I see him at the window. He tentatively sticks his good leg out and, more carefully than I, climbs through the window frame. Peeta has a bit of a hard time walking down the slope because of his leg. I find myself standing up, thinking I might have to be the one to catch him, but he reaches me safely and we both sit down.

"Perfectly safe," I say with a dismissive wave. Peeta doesn't respond, he just looks at me. "What?" I ask, once his stare has started to make me feel uncomfortable. I would be lying if I said I wasn't still a little nervous around him. He never used to look at me like this.

"I worry about you," he says softly.

I surprise myself as much as him when I reach out and place a hand over his, which is resting on his knee. I keep my eyes locked on Peeta's as I say, "Don't." I'm not going to do anything foolish, I'm not that far gonenot anymore, at least.

He smiles just a little and says, "Can't help it." He glances away from me, toward the edge of the roof. "I do worry, Katniss. Whenever we're apart, I think about you and wonder what you might be doing."

It seems like it's hard for him to admit this, though I'm not sure why. We still spend most of our time apart. Peeta comes over for every meal, along with Sae, but other than that I spend all my time alone, and I assume he does too.

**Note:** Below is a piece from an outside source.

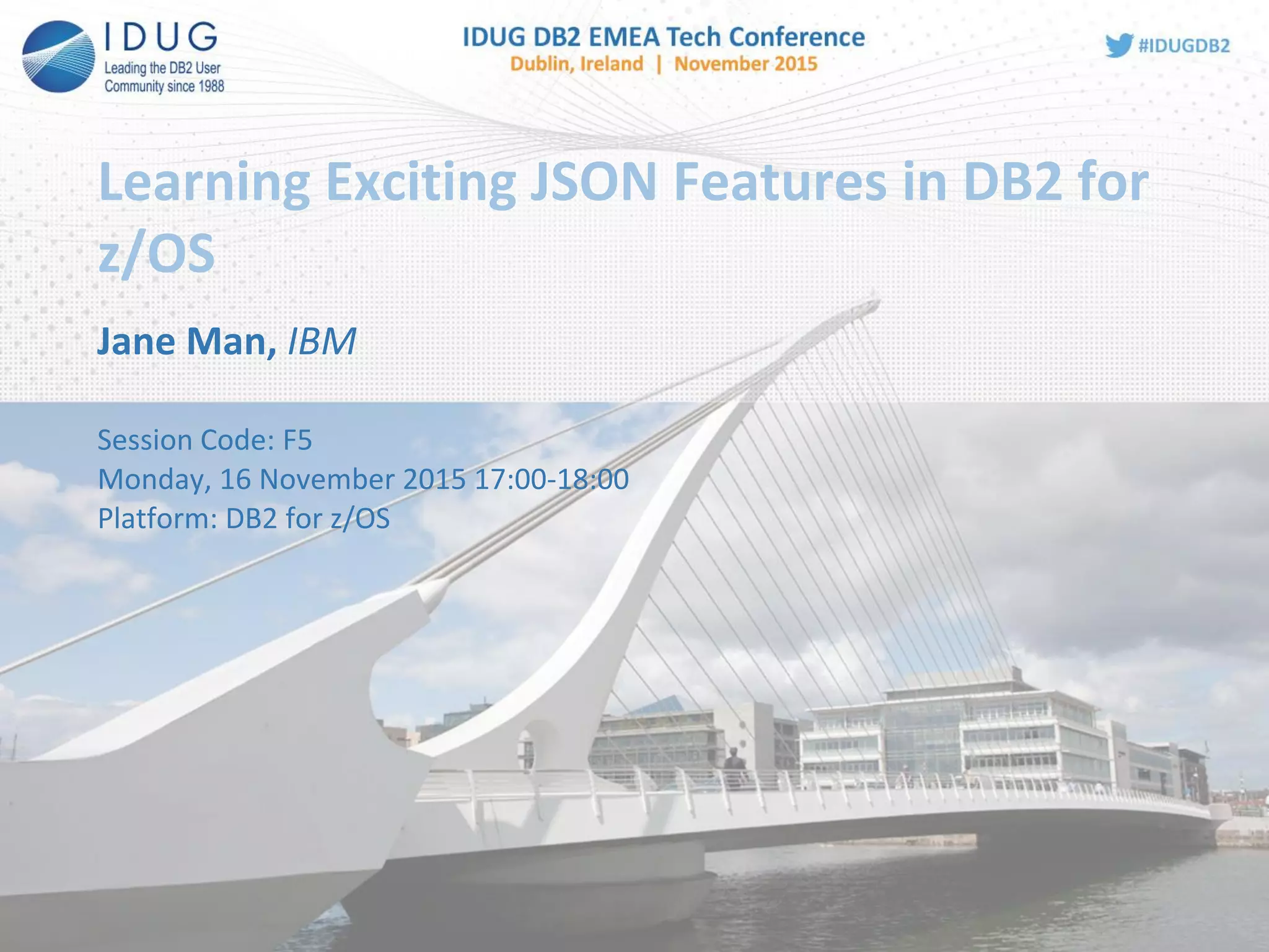 The document presents a session from IBM discussing the JSON storage model and SQL APIs in DB2 for z/OS. It emphasizes the integration of JSON with enterprise data to enhance agility and efficiency in application development while outlining key features and examples of JSON functionalities, including conversion functions and built-in features for JSON data extraction. The session addresses the motivations for NoSQL in enterprise environments and provides a comprehensive agenda detailing various aspects of JSON technology in DB2.

I decide to tell him about my idea and about the large box of parchment sheets that arrived from the Capitol yesterday. "I got the idea from the plant book," I say, and Peeta looks riveted as he watches me explain, "I was thinking we could make it a kind of tribute to all the things we should remember, about…the people who we won't see again. If you want to help, I thought maybe you could draw pictures of everyone I don't have a photo of."

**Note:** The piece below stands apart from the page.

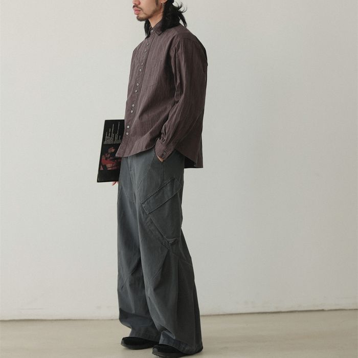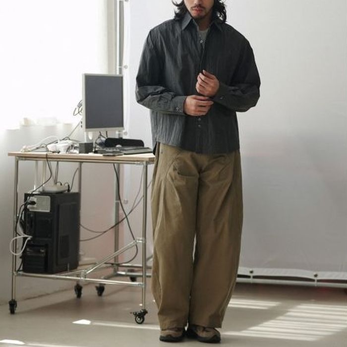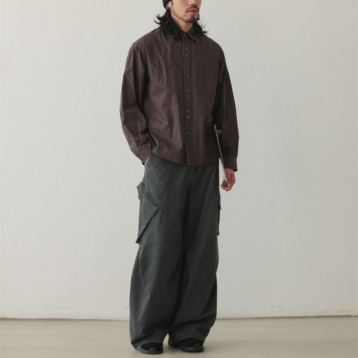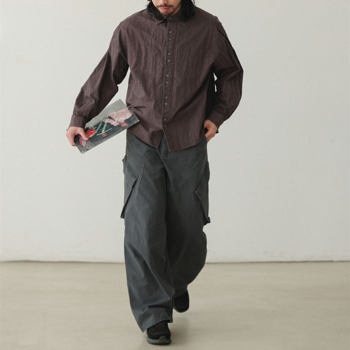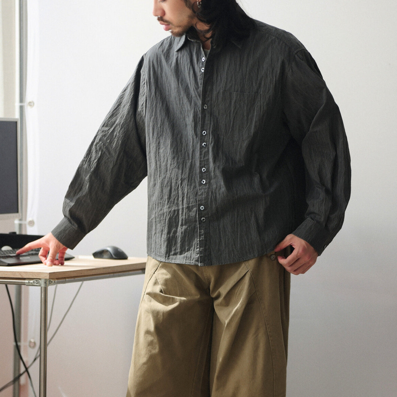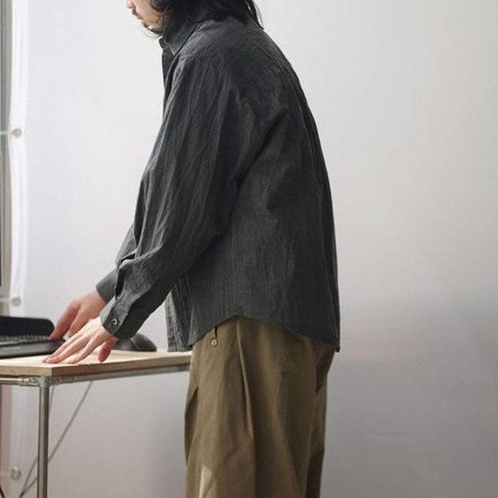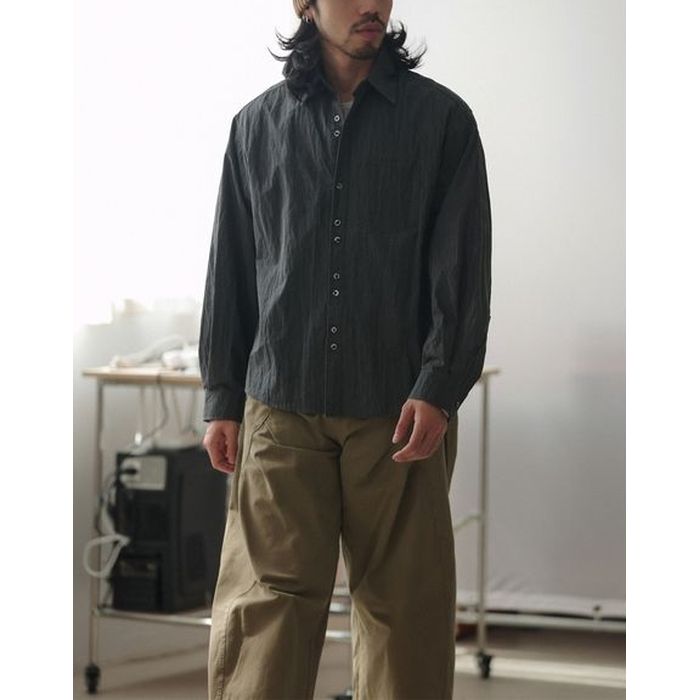 シワ加工されたこなれ感のある長袖シャツ。

When I feel his hands take both of mine in his larger and warmer ones, I realize that my eyes are watering and my voice had started to shake. I lick my dry lips as the tears start to overflow.

"I would love to work on that with you," he says softly, and with a smile. "It's a great idea."

I nod and swallow hard, pulling a hand away from his in order to wipe the tears off my face. I press my lips together tightly and look away from Peeta. I want him to hug me, but he doesn't.